Even in normal mode, it sounds a bit throatier than a standard i30, but this engine hasn't the finest of voices, which an orchestra of electronic wizardry fails to transform beyond mildly wearing. Nor is it as lightning fast as the top-order of hot hatches, yet on the road, it feels tough enough, with lots of mid-range urge and a lovely progression to the major controls. You'd not really notice the extra go of the Performance Pack at this level of driving, though a race track makes it obvious. That gearbox is a delight, however, with a short travel to every aspect, so much so, you need to have a care not to wrong-slot the lever, especially when braking into corners.

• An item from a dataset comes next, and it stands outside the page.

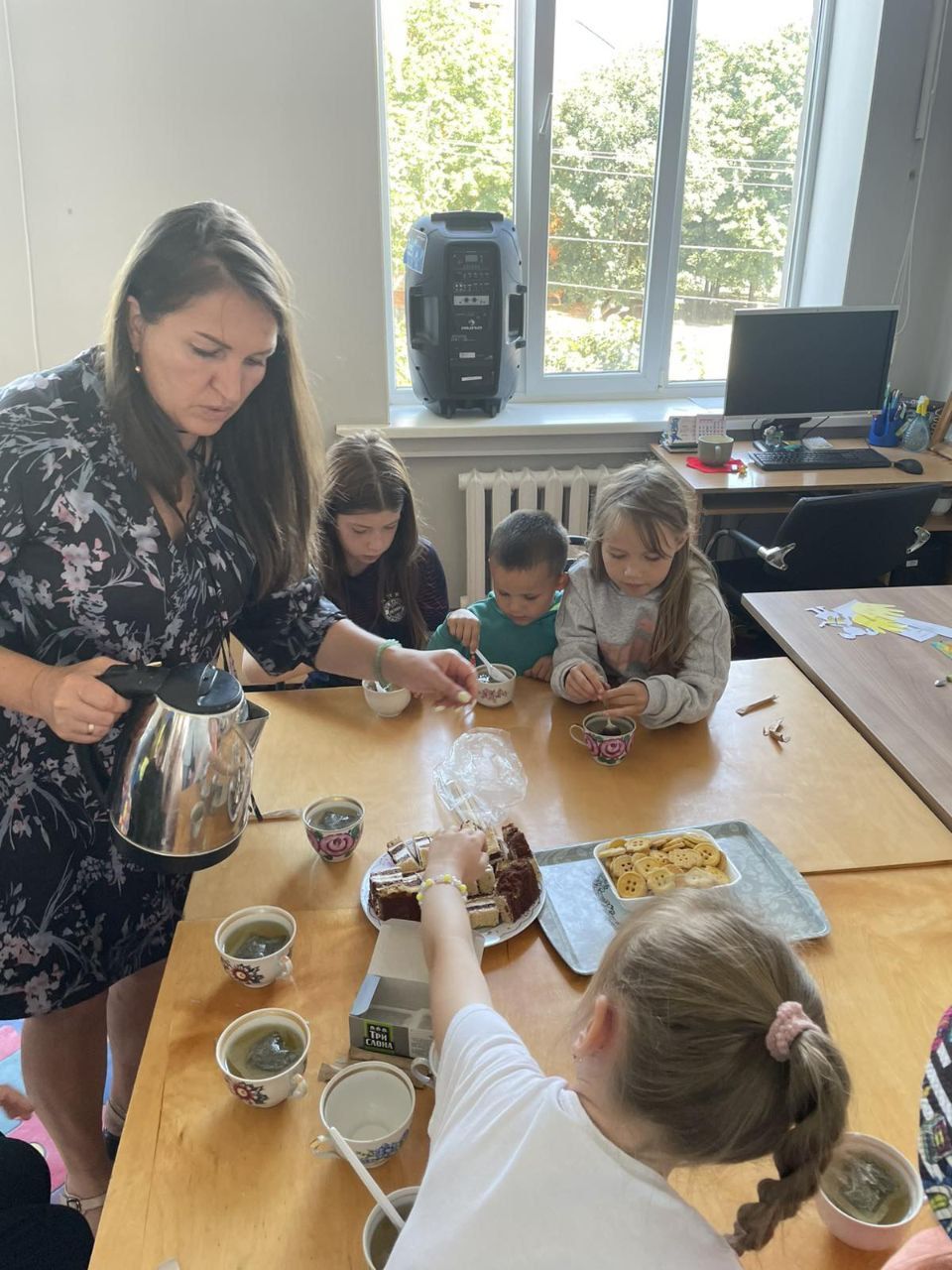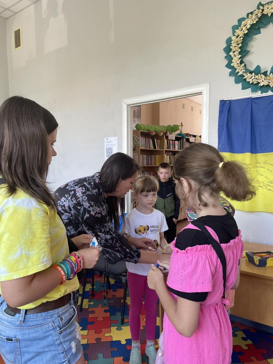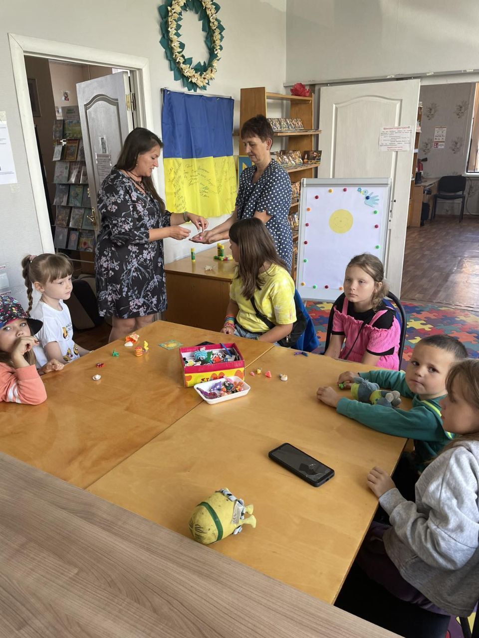 Фахівці використовують арттерапію у роботі з дітьми різного віку, адже спектр технік та інструментів цієї методики надзвичайно широкий. Нині наша гостя провела вправу «З долоньки в долоньку», котра активує увагу та чудово допоможе дітлахам під час майбутнього навчального процесу. А ще наші юні читачі разом виготовили позитивне сонечко – символ надії та повернення до світла та гарно провели час: спілкувалися, бавилися, чаювали і, звичайно, обрали цікаві книжки для свого дозвілля.

Electrically powered steering hasn't the last word in feedback, but it is precise and progressive, and there's a sense of control you don't always get with powerful front-drive hatchbacks. Part of that is the action of the differential which helps to drive the nose into the turns, despite a tendency to nose on oversteer if you simply sling it around. The body control is taut and confidence inspiring, and on the track, this gets to be seriously wayward good fun. That wonderful chassis balance allows you to slither round at the edge of insanity and even with everything off, the i30 N remains forgiving of pretty much everything, up to and including a cheeky dab on the brakes midway through corner to bury the nose deeper into the turn. It's great fun. And talking of those brakes, there's another triumph for the development team, with simple swinging arm callipers bought to a level of performance which gives them a first-rate response and allows them to be abused round a circuit for lap after lap without significant fade.